Рассказ из книги «Служенье муз»
Левитан подошел к запруде: бревна мостки, глубокий черный омут, над омутом лес глухой, темный, тропинка, убегающая в лес – это то, что нужно! Художник сделал наброски и стал писать акварельный этюд прямо с натуры. Он так погрузился в работу, что не заметил, сколько прошло времени.
У омута, 1892 г. Исаак Ильич Левитан
– А, вот вы где, – услышал он неожиданно.
– Это вы, Лика!
– Вас заждались, грустный художник, самовар остывает! Чехов и домочадцы волнуются.
– Дайте-ка мне еще минут пять.
– Хорошо, посижу на пенечке, подожду, – согласилась девушка, – я ведь не помешаю?
– Нет, нет, напротив, – отозвался Левитан. – Почитайте мне из пушкинской «Русалки», Лика. – Ведь именно здесь он сочинил ее.
– С удовольствием, – отозвалась девушка. –
Невольно к этим грустным берегам
Меня влечет неведомая сила,
Все здесь напоминает мне былое
И вольной красной юности моей
Любимую. Хоть горестную повесть.
– Это монолог князя, – узнал Левитан.
– Да, сюжет поэмы банален (любовь, коварство, измена), но текст по-шекспировски глубок:
– Мой милый друг, ты знаешь, нет на свете
Блаженства прочного: ни знатный род,
Ни красота, ни сила, ни богатство –
Ничто беды не может миновать…
– Антоша тоже восхищается ими, – художник на мгновенье остановился и внимательно посмотрел на Лику.
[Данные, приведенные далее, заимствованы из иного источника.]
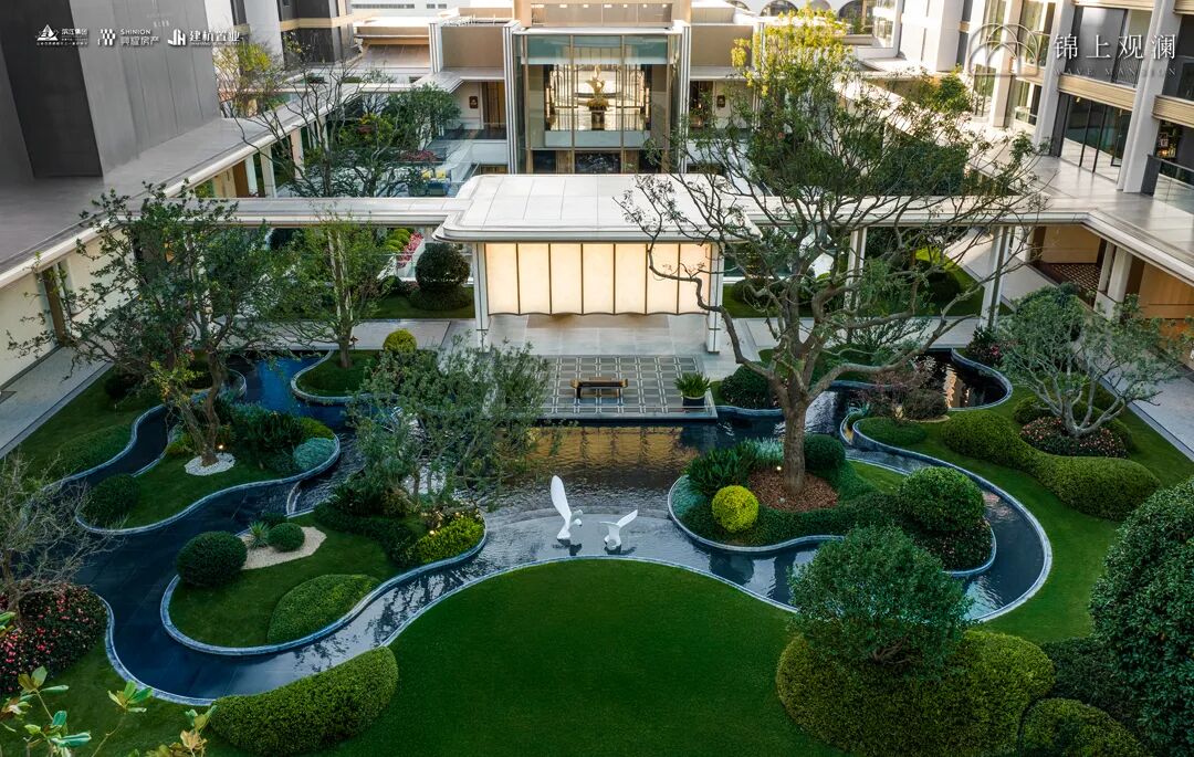 约3300平方米的中央景观,下沉式庭院与双水院景观错落有致,将《松阁观潮图》、《溪山行旅图》、《山亭文会图》三幅宋代古画,巧妙融入松川境的立体山水之中。高层与排屋区之间,一条长约210米的中轴景观横贯东西,串联起「松川十一境」的雅致画卷。该项目景观设计由北京顺景园林执笔。

– Знаете, Левитан, а ведь на вас та же печать гениальности…точнее на ваших картинах.
– Вы смеетесь надо мной, милое создание?!
– Ну что особенного в полуразвалившихся мостках, в заросшей тропинке, с точки зрения обывателя? А вы из этого скромного уголка природы творите целую лирическую поэму.
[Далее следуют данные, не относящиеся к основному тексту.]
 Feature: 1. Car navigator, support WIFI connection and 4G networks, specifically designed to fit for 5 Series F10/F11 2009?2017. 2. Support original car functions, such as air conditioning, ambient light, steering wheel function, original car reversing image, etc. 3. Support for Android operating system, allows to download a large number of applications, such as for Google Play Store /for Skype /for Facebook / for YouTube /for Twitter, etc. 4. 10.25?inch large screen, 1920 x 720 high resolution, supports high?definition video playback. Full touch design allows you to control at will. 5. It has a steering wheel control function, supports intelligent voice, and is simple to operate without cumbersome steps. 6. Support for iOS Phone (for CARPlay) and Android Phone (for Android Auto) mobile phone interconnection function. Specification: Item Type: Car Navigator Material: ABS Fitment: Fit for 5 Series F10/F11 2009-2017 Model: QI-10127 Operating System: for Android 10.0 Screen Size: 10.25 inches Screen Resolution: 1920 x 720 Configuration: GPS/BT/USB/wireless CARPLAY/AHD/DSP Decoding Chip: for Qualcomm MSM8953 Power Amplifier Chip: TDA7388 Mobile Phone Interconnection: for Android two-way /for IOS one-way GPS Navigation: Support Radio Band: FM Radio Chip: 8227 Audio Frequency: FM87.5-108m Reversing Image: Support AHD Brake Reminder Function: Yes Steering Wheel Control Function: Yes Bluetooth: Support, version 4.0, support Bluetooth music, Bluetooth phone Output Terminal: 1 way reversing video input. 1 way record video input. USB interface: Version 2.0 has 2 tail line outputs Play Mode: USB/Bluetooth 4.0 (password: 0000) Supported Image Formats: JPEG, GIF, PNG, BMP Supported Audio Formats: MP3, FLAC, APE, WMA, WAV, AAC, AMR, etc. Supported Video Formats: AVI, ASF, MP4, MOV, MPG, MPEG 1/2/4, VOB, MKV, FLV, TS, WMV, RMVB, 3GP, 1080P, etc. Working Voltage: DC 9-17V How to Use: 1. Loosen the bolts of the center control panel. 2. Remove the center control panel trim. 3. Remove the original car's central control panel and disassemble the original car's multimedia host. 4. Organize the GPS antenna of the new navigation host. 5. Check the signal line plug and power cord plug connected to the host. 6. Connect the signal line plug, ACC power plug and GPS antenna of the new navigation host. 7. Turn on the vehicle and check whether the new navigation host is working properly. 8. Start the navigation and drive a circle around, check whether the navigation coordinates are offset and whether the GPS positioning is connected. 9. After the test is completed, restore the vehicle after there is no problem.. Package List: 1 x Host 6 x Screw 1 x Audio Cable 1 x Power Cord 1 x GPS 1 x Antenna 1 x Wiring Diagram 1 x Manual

– Этому научился я у наставника своего Алексея Кондратьевича.
– Вы говорите о Саврасове?
– Да. Он сам беззаветно любил природу и учеников своих заразил этой страстью.
Сосновый бор на берегу реки, 1890-е Алексей Саврасов
Каждую весну выводил нас на мотивы за город. Это было неслыханно по тем временам. Академики говорили: ландшафт – лишь фон для библейского или мифологического сюжета. И копировать пейзажи надлежало с картин признанных французских мастеров. Пуссен считался – образцом классического пейзажа. Понимаете, что это означает: писать природу в залах Эрмитажа.
– А Саврасов вывел вас на пленэр?
– «В пейзаже должен быть воздух!» – говорил он. – Сумеешь передать ощущение воздуха – картина получится живой!
– Ваши картины подобны распахнутому окну, в них много воздуха, но отчего вы выбираете мотивы грустные, элегические?
– Они выходят у меня лучше всего.
– Неправда, ваш этюд в солнечный день и ваша черемуха – великолепны!
Черемуха, начало 1880-х Исаак Ильич Левитан
– Саврасов учил нас выбирать мотивы созвучные душе, а душа моя грустит, воспоминание тяготят.
– Антон говорил, что вы жили впроголодь.
– Порой мне даже негде было ночевать – я прятался в классе, спал на стульях. Однажды меня исключили из Училища: платить было нечем. Выручили товарищи, собрали и внесли за меня деньги.
– Но теперь-то вы художник признанный! Сам Третьяков покупает Ваши работы.
– Павел Михайлович стал моим добрым гением. Понравилась ему моя юношеская картина «Осенний день. Сокольники». И он заплатил за нее сто рублей, по тем временам это были огромные деньги.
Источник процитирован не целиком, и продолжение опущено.